• RECORD SET:
>>>>>
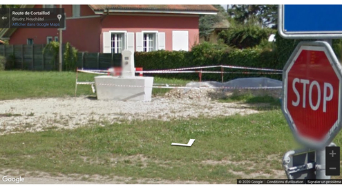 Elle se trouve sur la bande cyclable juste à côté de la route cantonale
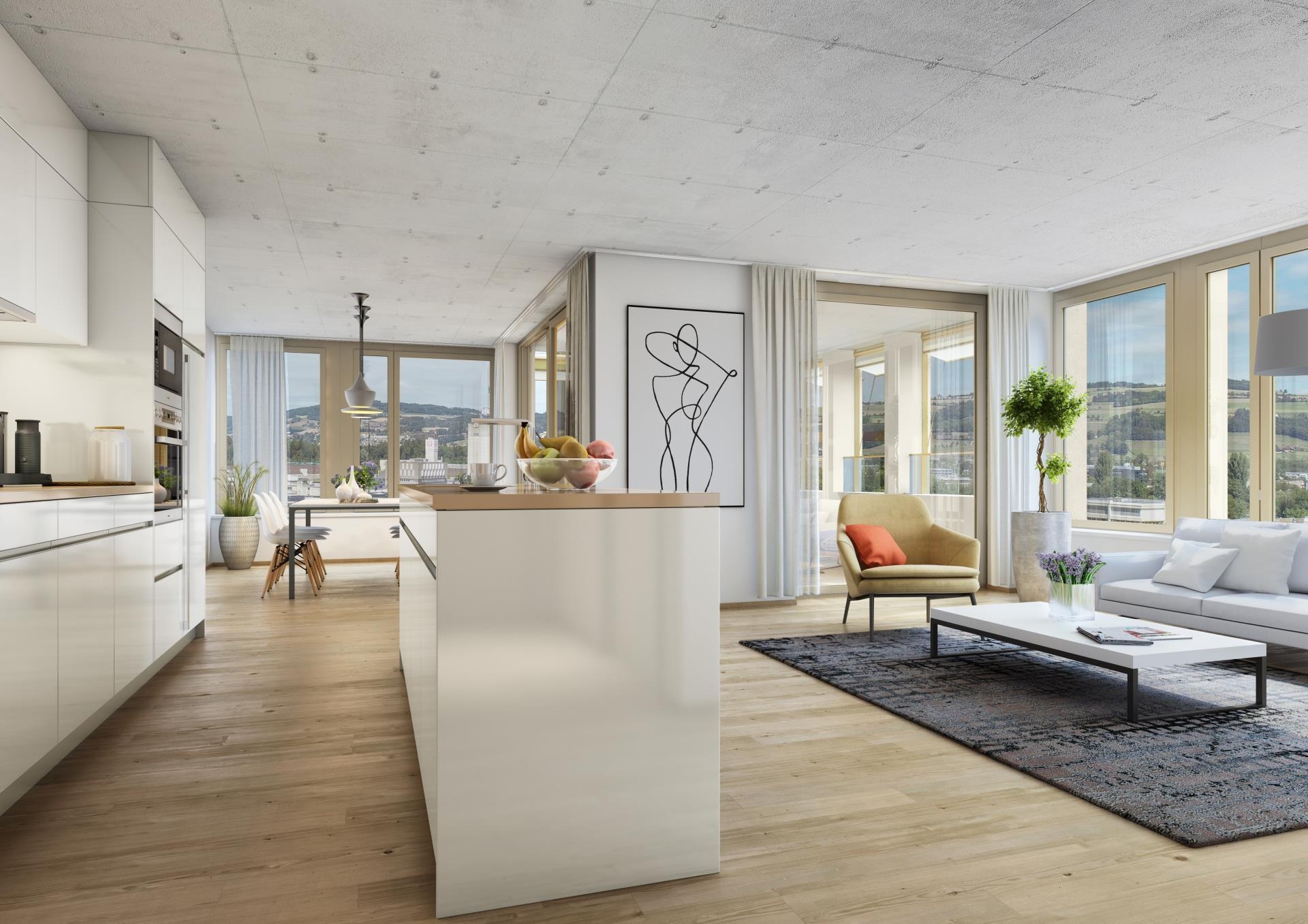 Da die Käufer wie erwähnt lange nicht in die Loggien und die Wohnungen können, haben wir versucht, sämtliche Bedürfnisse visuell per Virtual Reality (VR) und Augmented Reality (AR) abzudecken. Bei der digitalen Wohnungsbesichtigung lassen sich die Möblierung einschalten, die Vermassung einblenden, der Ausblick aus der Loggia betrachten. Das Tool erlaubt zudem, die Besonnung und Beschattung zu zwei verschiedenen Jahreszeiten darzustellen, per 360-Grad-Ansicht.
<<<<<
>>>>>
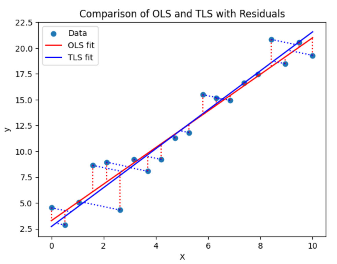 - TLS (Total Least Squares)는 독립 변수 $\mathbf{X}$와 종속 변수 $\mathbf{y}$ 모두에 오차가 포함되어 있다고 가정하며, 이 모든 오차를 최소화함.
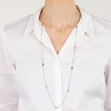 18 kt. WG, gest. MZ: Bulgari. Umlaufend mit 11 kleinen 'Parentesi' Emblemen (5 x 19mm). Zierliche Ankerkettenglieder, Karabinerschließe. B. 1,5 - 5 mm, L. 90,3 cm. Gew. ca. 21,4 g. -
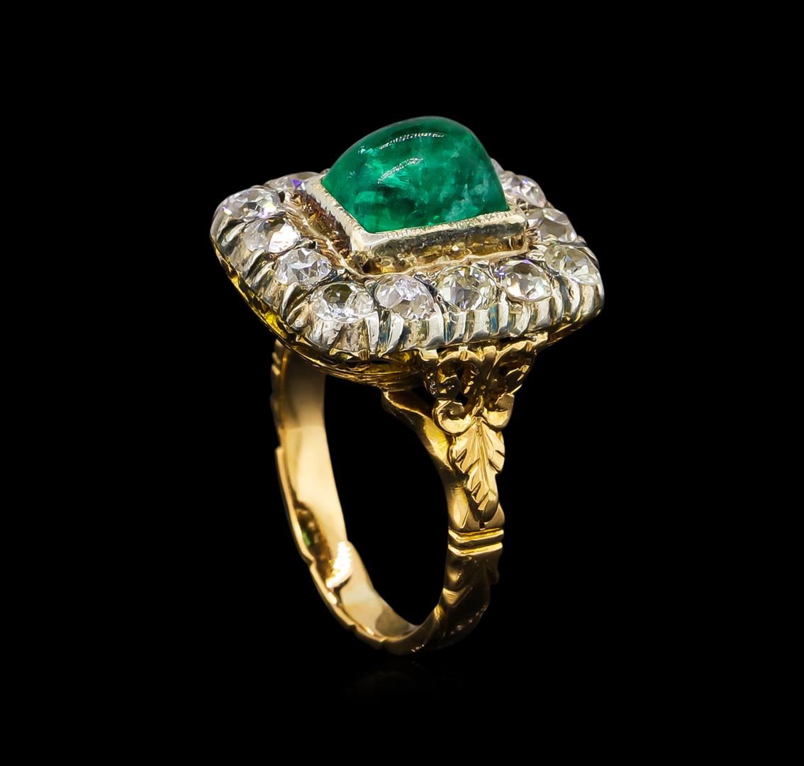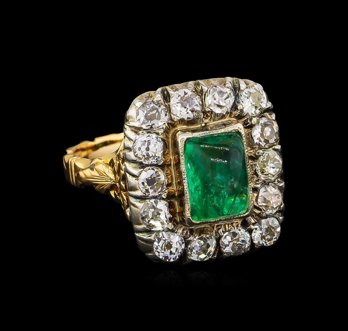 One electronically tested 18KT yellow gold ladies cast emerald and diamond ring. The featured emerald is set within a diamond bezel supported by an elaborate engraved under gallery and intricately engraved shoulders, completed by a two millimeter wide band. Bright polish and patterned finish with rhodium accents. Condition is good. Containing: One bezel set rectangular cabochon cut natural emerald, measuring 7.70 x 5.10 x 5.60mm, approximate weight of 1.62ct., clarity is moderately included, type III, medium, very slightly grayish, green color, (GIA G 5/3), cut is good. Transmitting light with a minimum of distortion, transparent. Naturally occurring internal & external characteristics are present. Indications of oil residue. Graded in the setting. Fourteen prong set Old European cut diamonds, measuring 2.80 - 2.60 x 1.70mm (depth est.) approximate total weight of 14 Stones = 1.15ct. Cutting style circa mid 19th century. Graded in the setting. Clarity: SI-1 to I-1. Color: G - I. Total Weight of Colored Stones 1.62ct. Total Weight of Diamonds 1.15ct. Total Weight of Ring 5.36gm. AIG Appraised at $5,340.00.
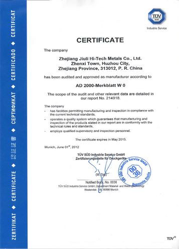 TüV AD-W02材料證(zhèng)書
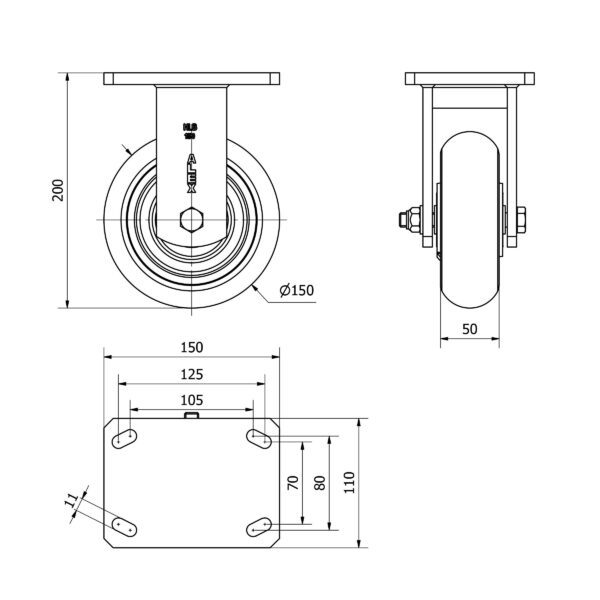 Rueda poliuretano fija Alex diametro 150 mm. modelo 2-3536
<<<<<
• PROBLEM TO WORK ON:
Above are the records; please give again, exactly and in full, only the lines that run from the line with "- TLS (Total" through the line with "18 kt. WG, gest.", with no pictures.

• RESULT FOR THIS TASK:
 - TLS (Total Least Squares)는 독립 변수 $\mathbf{X}$와 종속 변수 $\mathbf{y}$ 모두에 오차가 포함되어 있다고 가정하며, 이 모든 오차를 최소화함.
 18 kt. WG, gest. MZ: Bulgari. Umlaufend mit 11 kleinen 'Parentesi' Emblemen (5 x 19mm). Zierliche Ankerkettenglieder, Karabinerschließe. B. 1,5 - 5 mm, L. 90,3 cm. Gew. ca. 21,4 g. -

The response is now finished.